> [Work request]: Please retype the listing below word for word and exclude its images.

> [Supplied data]:
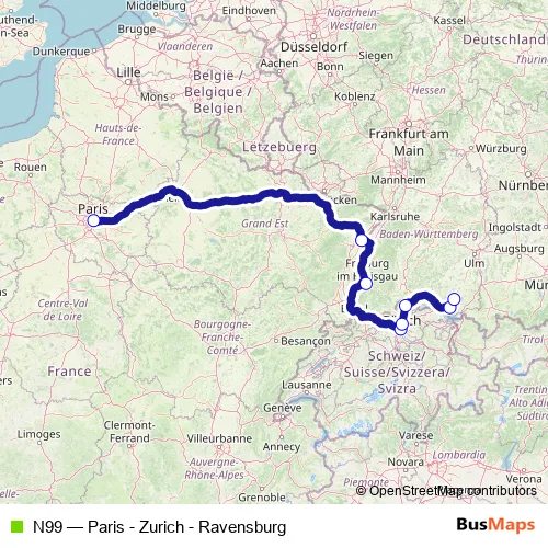 Bus N99 - Paris - Zurich - Ravensburg: Full Schedule in Zuerich
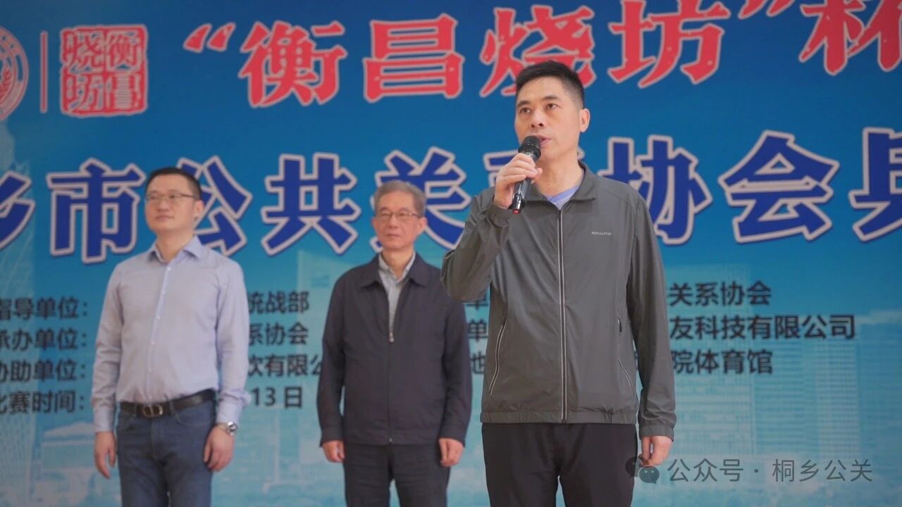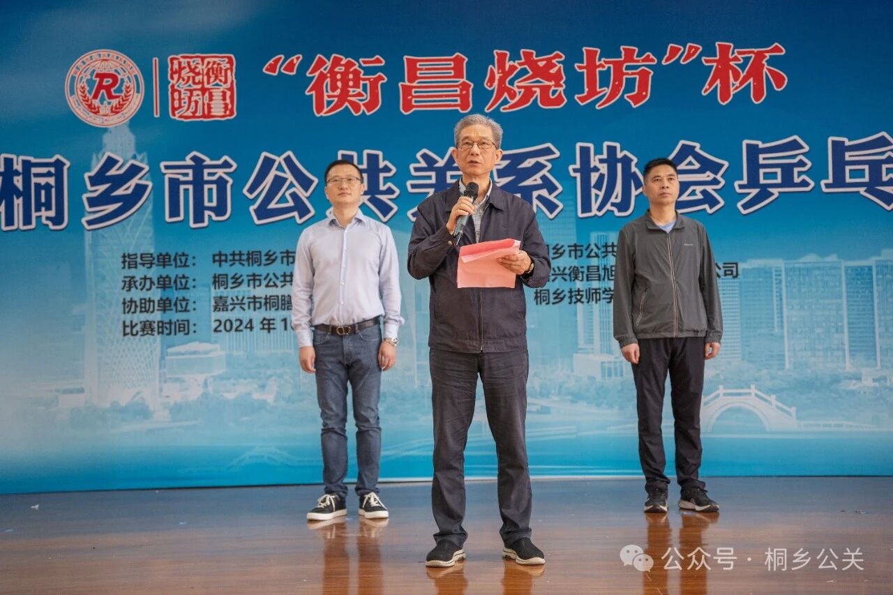 在秋风送爽、硕果累累的佳季,我们齐聚一堂,共同见证这一盛事。2024年10月13日上午,"衡昌烧坊"杯2024桐乡市公共关系协会乒乓球赛在桐乡技师学院隆重开幕。桐乡市委统战部常务副部长田新奇,桐乡市公共关系协会会长、原桐乡市人大副主任张建林,桐乡市公共关系协会执行会长、浙江崇德建设有限公司董事长郁振华,嘉兴衡昌旭友科技有限公司总经理、旭友会桐乡分会秘书长吴志远等嘉宾莅临开幕式。开幕式由协会执行秘书长黄真华主持。
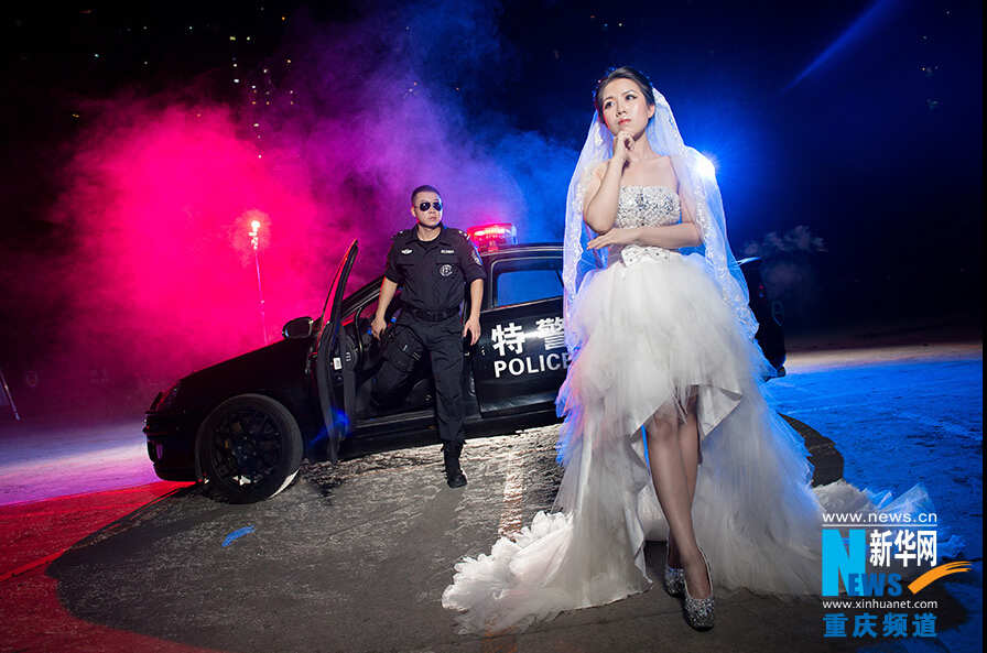 A member of the Chongqing Armed Police Corps snaps some rather incredible wedding photos with his bride-to-be at a Special Weapons and Tactics (SWAT) training center.

> [Response area]:
 Bus N99 - Paris - Zurich - Ravensburg: Full Schedule in Zuerich
 在秋风送爽、硕果累累的佳季,我们齐聚一堂,共同见证这一盛事。2024年10月13日上午,"衡昌烧坊"杯2024桐乡市公共关系协会乒乓球赛在桐乡技师学院隆重开幕。桐乡市委统战部常务副部长田新奇,桐乡市公共关系协会会长、原桐乡市人大副主任张建林,桐乡市公共关系协会执行会长、浙江崇德建设有限公司董事长郁振华,嘉兴衡昌旭友科技有限公司总经理、旭友会桐乡分会秘书长吴志远等嘉宾莅临开幕式。开幕式由协会执行秘书长黄真华主持。
 A member of the Chongqing Armed Police Corps snaps some rather incredible wedding photos with his bride-to-be at a Special Weapons and Tactics (SWAT) training center.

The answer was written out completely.